The intersection of technology and leadership

Quotes on metrics and numbers

I published an article a few years ago, called “An Appropriate Use of Metrics.Martin Fowler, who hosts the article, tells me that it receives good regular readership. As someone who has been working as a consultant, I’m aware of how an inappropriate use of metrics can really incentivise the wrong behaviour, destroy company and team cultures and drive incongruent behaviours between teams and people.


Source: From Flickr under the Creative Commons licence.

In this post, I thought it’d be worth sharing a few quotes around numbers and metrics. I’ll leave you to decide where they may or may not be useful for you.

Tell me how you measure me, and I will tell you how I will behave.

Source: Eliyahu M. Goldratt (Father of the Theory of Constraints) from “The Haystack Syndrome” (1980).

What can be counted doesn’t always count, and not everything that counts can be counted.

Source: Often attributed to Einstein but the Quote Investigator suggests crediting William Bruce Cameron (1963).

Not all that matters can be measured.

Commentary: An alternative form to that above often attributed to Einstein.

What gets measured gets done, or What gets measured gets managed.

Source: According to this blog, there doesn’t seem to be a definitive source.

It is wrong to suppose that if you can’t measure it, you can’t manage it – a costly myth.

Source: W. Edwards Deming from “The New Economics.”

(One of the Seven Deadly Diseases of Western Management) Management by use only of visible figures, with little or no consideration of figures that are unknown or unknowable.

Source: From W. Edwards Deming’s Seven Deadly Diseases of Western Management.

Data (measuring a system) can be improved by 1) distorting the system 2) distorting the data or 3) improving the system (which tends to be more difficult though likely what is desired).

Source: Brian Joiner via the article, “Dangers of Forgetting the Proxy Nature of Data.

The most important figures that one needs for management are unknown or unknowable.

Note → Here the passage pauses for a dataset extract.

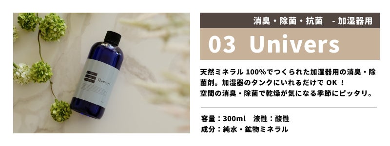 加湿器に添加し噴霧する、消臭・除菌・抗菌機能をもつ「03Univers(ユニベール)」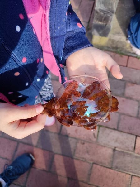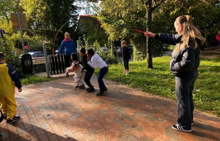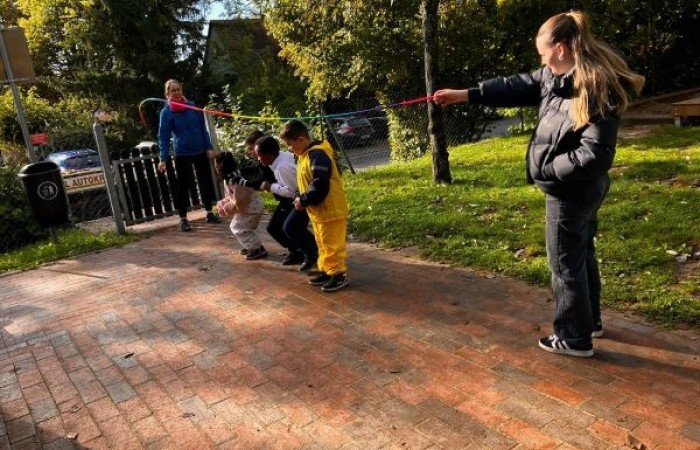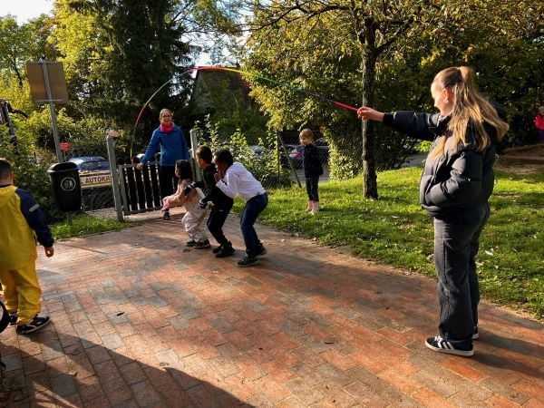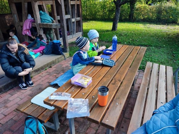 Bei strahlendem Sonnschein genossen wir auf dem Spielplatz unsere mitgebrachte Brotzeit, nutzten noch einmal die Wasser-Matsch-Anlage richtig aus und spielten gemeinsam Fangen, Verstecken und Seifenblasenhaschen.

Source: Lloyd Nelson (Director of statistical methods for the Nashua corporation) via Deming’s book, “Out of the Crisis.”

When a measure becomes a target, it ceases to be a good measure.

Source: Also known as Goodhart’s Law phrased by Marilyn Strathern.

If you can’t measure it, you’d better manage it.

Source: Management consultant, Henry Mintzberg

People with targets and jobs dependent upon meeting them will probably meet the targets – even if they have to destroy the enterprise to do it.

Source: W. Edwards Deming. No concrete source found except for Brainyquote.

3 Comments

  1. takacsot

    I would be interested in how your metric is related to Tom Gilb’s work. See his book and presentations about metrics. It is difficult to come up with anything new in this subject after his work 🙂

  2. Szczepan Faber (@mockitoguy)

    Really interesting read. Thank you for taking the effort to collect the quotes!

  3. Tomek

    I can’t remember this exactly (neither the origin) but it went like this: “the only reason to measure many things is that you can always show to your managers few metrics that went up”

    And BTW. there is this book “How to measure anything” by Douglas Hubbard. Good one.